Friday, September 09, 2011

Let’s Not Confuse Job Creation With Need to Get Work Done on Cusp of 9/11

US slips to 5th on world competitiveness scale. Obama jobs plan holds opportunities for marketers

As we tap out this post, U.S. stocks are down about 3 percent today wiping out a brief rally earlier in the week. Experts point to fresh euro-zone sovereign-debt worries, the surprise resignation of an ECB board member and concerns about Obama's jobs plan unveiled on national TV last night. Let’s not confuse “concerns” with “uncertainty” about the plan, which sounded pretty good to us, if you don’t worry about how to pay for it.

At the core of his plan are two cuts in the payroll tax — one for employers and one for employees —The employee cut would reduce the tax to 3.1 percent of income instead of the 4.2 percent negotiated last year. If passed, it will put money in people’s pockets quickly and increase consumer demand. As marketers, you need to be ready to pounce on this.

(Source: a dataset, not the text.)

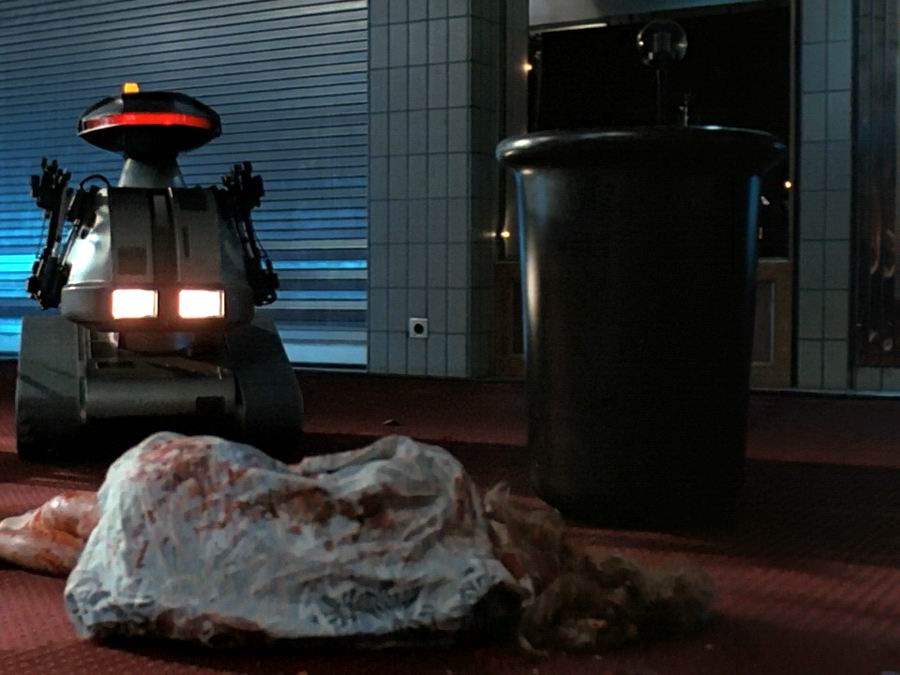 В универмаге новые технологии безопасности. Теперь обычных охранников будут заменять три робота, по одному на этаж. В обязанность роботов входит только поимка воришек, отличить воров от персонала они могут по специальной карточке — удостоверению работника магазина.

For employers, the plan would halve the payroll tax for most small and medium-size businesses and would provide an incentive for hiring by temporarily removing the tax for new employees (and on raises for existing ones). Companies would also get a $4,000 tax credit for hiring anyone out of work for more than six months. Unemployment insurance would be extended for five million people. We were also encouraged by proposals to continue unemployment benefits for those legitimately starting new businesses. The dream of a safe steady corporate (or government) job, with benefits and a pension is fast fading into the rearview mirror and not likely to come back.

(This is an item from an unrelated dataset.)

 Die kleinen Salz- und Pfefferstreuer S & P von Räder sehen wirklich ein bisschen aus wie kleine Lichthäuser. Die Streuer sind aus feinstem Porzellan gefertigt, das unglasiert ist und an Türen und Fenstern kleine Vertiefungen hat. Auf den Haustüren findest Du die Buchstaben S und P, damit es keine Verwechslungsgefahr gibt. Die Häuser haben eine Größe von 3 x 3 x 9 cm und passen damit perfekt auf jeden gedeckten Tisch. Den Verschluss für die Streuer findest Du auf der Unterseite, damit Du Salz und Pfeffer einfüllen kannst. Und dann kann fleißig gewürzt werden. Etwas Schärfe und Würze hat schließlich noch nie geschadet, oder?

We’re hoping this crisis gets us back to our entrepreneurial roots and makes it easier for small businesses and independent contractors to be part of the mainstream—not outliers who continue to be treated as second class citizens by lending institutions and healthcare providers. More and more work in our service driven economy is going to be project-based, not permanent and we all need to learn how to hustle.

Again, you need to be ready to pounce on this pent up demand because the surge may not be sustainable, but it will be a surge nonetheless.

U.S. slips to 5th on world competitiveness scale

The United States is slipping and emerging markets are improving, but European economies still dominate the list of the most competitive economies in the world, according to a World Economic Forum report released Wednesday.

For the third consecutive year, Switzerland ranked first in the forum’s annual competitiveness survey, which assesses countries based on 12 categories including innovation, infrastructure and the macroeconomic environment. The US, which topped the list in 2008, continued its decline, also for the third year in a row. The weaker performance was attributed to economic vulnerabilities as well as “some aspects of the United States’ institutional environment,” notably low public trust in politicians and concerns about government inefficiency.

OUR TAKE: Unacceptable--regardless of whether or not you believe in the methodology of the survey.

The results show that while competitiveness in advanced economies has stagnated over recent years, it has improved in many emerging markets, the Geneva-based forum said.
“Much of the developing world is still seeing relatively strong growth, despite some risk of overheating, while most advanced economies continue to experience sluggish recovery, persistent unemployment and financial vulnerability, with no clear horizon for improvement,”
Klaus Schwab, founder and chairman of the forum, said in a statement. China, ranked 26th and up one place from a year earlier, was the highest placed of the large developing economies. Among the other major emerging economies, South Africa was 50th, Brazil 53rd, India 56th and Russia 66th.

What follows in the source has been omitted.